Charles Edzard, Prince of East Frisia (1734–1744)

The attempts of Enno Rudolph Brenneysen to strengthen the Prince's authority in East Frisia resulted in far-reaching hostilities. In 1724, the city of Emden prepared itself for the battle against the Princely authority. In February 1726, a battle took place between troops of the Prince and troops of the city of Emden; the Appeal War was a fact. The princely troops were victorious. In April 1726, unrest broke out in Leer, after which Prince George Albert sent troops to put an end to this uprising as well. This was also successful, but it also cost many lives. The Emperor of the Holy Roman Empire condemned the rebels and urged them to surrender and obey George Albert. The Lordship of Oldersum, in the possession of the city of Emden, was occupied by imperial troops and George Albert was victorious. Even the city of Emden surrendered to him. However, it soon became clear that George Albert had achieved a Pyrrhic victory. In the peace negotiations, chancellor Enno Rudolph Brenneysen was unable to capitalize on the victory. The Holy Roman Emperor, Charles VI, granted the rebels a pardon. On 11 June 1734 George Albert died. He was succeeded by his son: Charles Edzard.

The last Prince of East Frisia from the House of Cirksena was Charles Edzard. The beginning of his life can be called tragic.

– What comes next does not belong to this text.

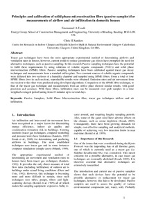 Tracer gas techniques have been the most appropriate experimental method of determining airflows and ventilation rates in houses. However, current trends to reduce greenhouse gas effects have prompted the need for alternative techniques, such as passive sampling. In this research passive sampling techniques have been used to demonstrate the potential to fulfil these requirements by using solutions of volatile organic compounds (VOCs) and solid phase microextraction (SPME) fibres. These passive sampling techniques have been calibrated against tracer gas decay techniques and measurements from a standard orifice plate. Two constant sources of volatile organic compounds were diffused into two sections of a humidity chamber and sampled using SPME fibres. From a total of four SPME fibres (two in each section), reproducible results were obtained. Emission rates and air movement from one section to the other were predicted using developed algorithms. Comparison of the SPME fibre technique with that of the tracer gas technique and measurements from an orifice plate showed similar results with good precision and accuracy. With these fibres, infiltration rates can be measured over grab samples in a time weighted averaged period lasting from 10 minutes up to several days. Key words: passive samplers, solid phase microextraction fibre, tracer gas techniques, airflow, air infiltration, houses.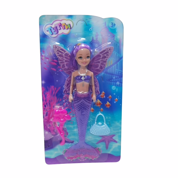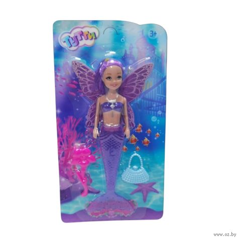 Милая куколка в образе русалки с крыльями и полупрозрачным хвостом, который светится при активации кнопки на спине, непременно понравится вашей малышке.

He lost many brothers and sisters at a young age and before he was seven years old he lost his mother as well. His father George Albert realized that the survival of his dynasty was at stake. Charles Edzard was therefore brought up very strictly and he was deprived of all freedom so that every possibility for self-development was prevented. There was no possibility to experience a Grand Tour or to enjoy a proper education abroad. Because his father was very ill, Charles Edzard was quickly prepared for his rule over East Frisia. He was married off to Sophie Wilhelmine, daughter of Margrave George Frederick Charles of Brandenburg-Bayreuth. Three weeks after the marriage his father died, which brought him to power in East Frisia. However, he was hardly prepared for this heavy responsibility. The authority of the Cirksena dynasty had in the meantime weakened to such an extent that large parts of the East Frisian estates and the city of Emden flatly refused to recognize him as Prince of East Frisia. It is therefore questionable whether Charles Edzard even played a role in the government of his county. Brandenburg-Prussia therefore saw its chance to definitively incorporate East Frisia into its realm. Plans were gradually made and rolled out to accelerate the takeover by King Frederick II of Prussia. On 14 March 1744, the Emden Convention was signed. This treaty regulated the takeover of East Frisia after the extinction of the Cirksena dynasty. Emden wanted to regain its position of power from the late 16th and early 17th centuries. The city was convinced that this could be achieved under Prussian rule. From the Prussian side, preparations for the takeover had been underway since 1730. The East Frisian Sebastian Anton Homfeld played an important role in this. For his role in the seizure of power, he was later appointed Chancellor of East Frisia. Charles Edzward was no match for these powers. He died unexpectedly on 25 May 1744 without leaving a male heir. This meant that nothing stood in the way of the Prussians definitively taking over East Frisia.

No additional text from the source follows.